L'histoire pluri-millénaire de « la ville des coupoles bleues » est notamment liée à son positionnement stratégique dans les échanges reliant l’Asie, le Moyen-Orient et l’Europe à travers les « routes de la Soie ». A l’époque des voyages de Marco Polo au XIIIe siècle, Samarcande avait déjà plus de deux mille ans.
1. Sur les routes de la Soie
Selon la légende, la soie aurait été découverte par une princesse chinoise après qu’un cocon de chenille soit tombé dans sa tasse de thé. En voulant retirer le cocon, celle-ci aurait tiré sur le fil de manière continue. Au delà de la qualité du tissu qui fait perdurer l’utilisation des vêtements à l’échelle d’une vie, il paraît d’ailleurs que les Romains en raffolaient pour cette raison, la soie a aussi d’autres vertus comme un effet antiseptique. Elle est connue en Chine depuis le 1er millénaire avant J.C. et était un des principaux produits exportés par l’Empire Chinois vers l’Asie Centrale et jusqu’à l’Occident.
Etablie environ au IIe siècle av. J.C., la route de la Soie reliait ainsi la province chinoise de Xian à Venise par des relations commerciales sur une distance d’environ 12,000 km. Au fil des siècles, toutes les innovations que ce soit au niveau scientifique, technique ou culturel entre l’Europe, le Moyen-Orient et l’Asie circulaient à travers ces routes. Les caravansérails qui regroupaient une centaine de chameaux portant chacun 200 kg de marchandises parcouraient pour cela environ 30 km par jour.

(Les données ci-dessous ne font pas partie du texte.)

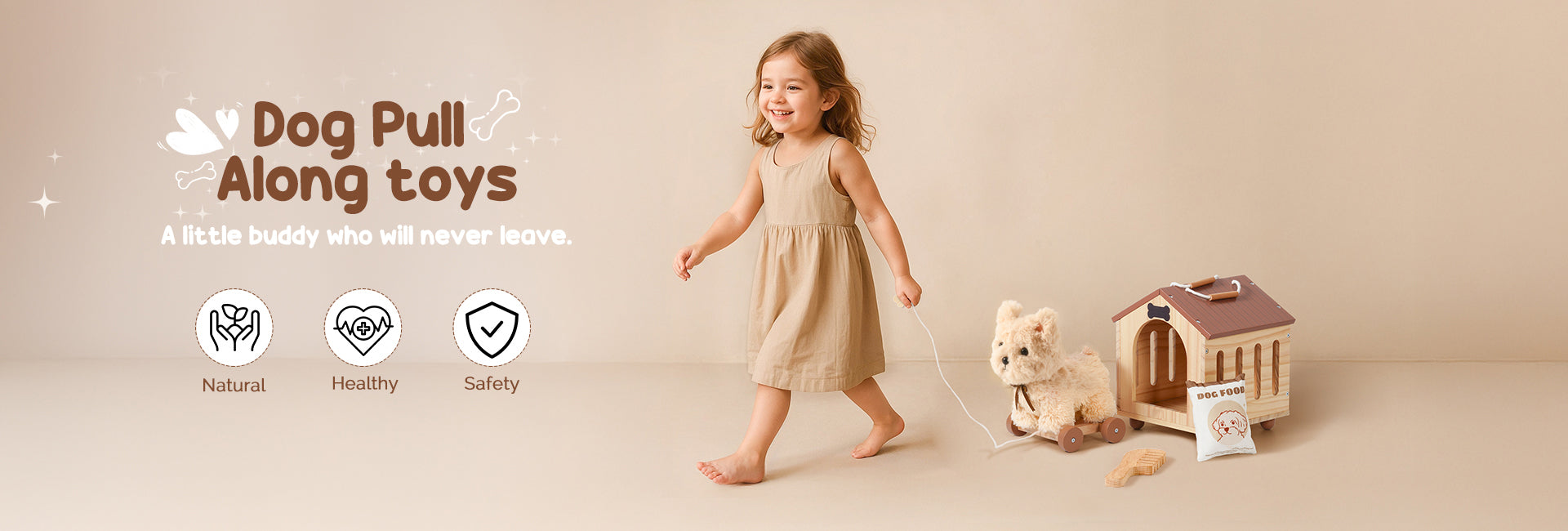 Perfectly sized for small hands, this pull-along pup encourages walking, balance, and coordination. As children guide their new pet, they develop responsibility and empathy – essential life skills nurtured through play.

En plus de leur capacité de porter des charges lourdes et de marcher sur le sable sans s’enfoncer, les chameaux sont les seuls animaux à pouvoir boire l’eau de mer, ce qui facilite leur hydratation. En fonction du terrain traversé, ils pouvaient parfois être échangés contre des ânes par exemple, du fait de la capacité de ces derniers à grimper dans les zones montagneuses le long du trajet.
Les villes où s’arrêtaient les marchands étaient souvent choisies du fait de leur proximité avec une rivière ou un point d’eau. Par exemple, le nom de la ville de Khiva, qui représentait un carrefour des routes de la soie dans l’actuel Ouzbékistan, vient du mot puit et signifie eau douce. De même, d’autres importants carrefours commerciaux comme Boukhara, étaient à l’origine une oasis dans le désert tandis que Samarcande est située entre les deux fleuves principaux de l’Asie Centrale dans l’oasis de la rivière Zeravchan.
Ces lieux permettaient à la fois aux caravaniers de se restaurer mais aussi d’échanger des marchandises. A Samarcande, un appel était effectué une fois par mois sur une des grandes places publiques pour prévenir les marchands qui souhaitaient exporter leurs biens du passage mensuel d’un caravansérail. Les marchands locaux prenaient leur décision en fonction de la destination de ce dernier. En effet, plus les marchandises étaient vendues tôt sur le parcours plus l’opération pouvait être rentable, d’une part du fait de la baisse du coût de transport mais aussi de la taxe prélevée lors du passage des frontières.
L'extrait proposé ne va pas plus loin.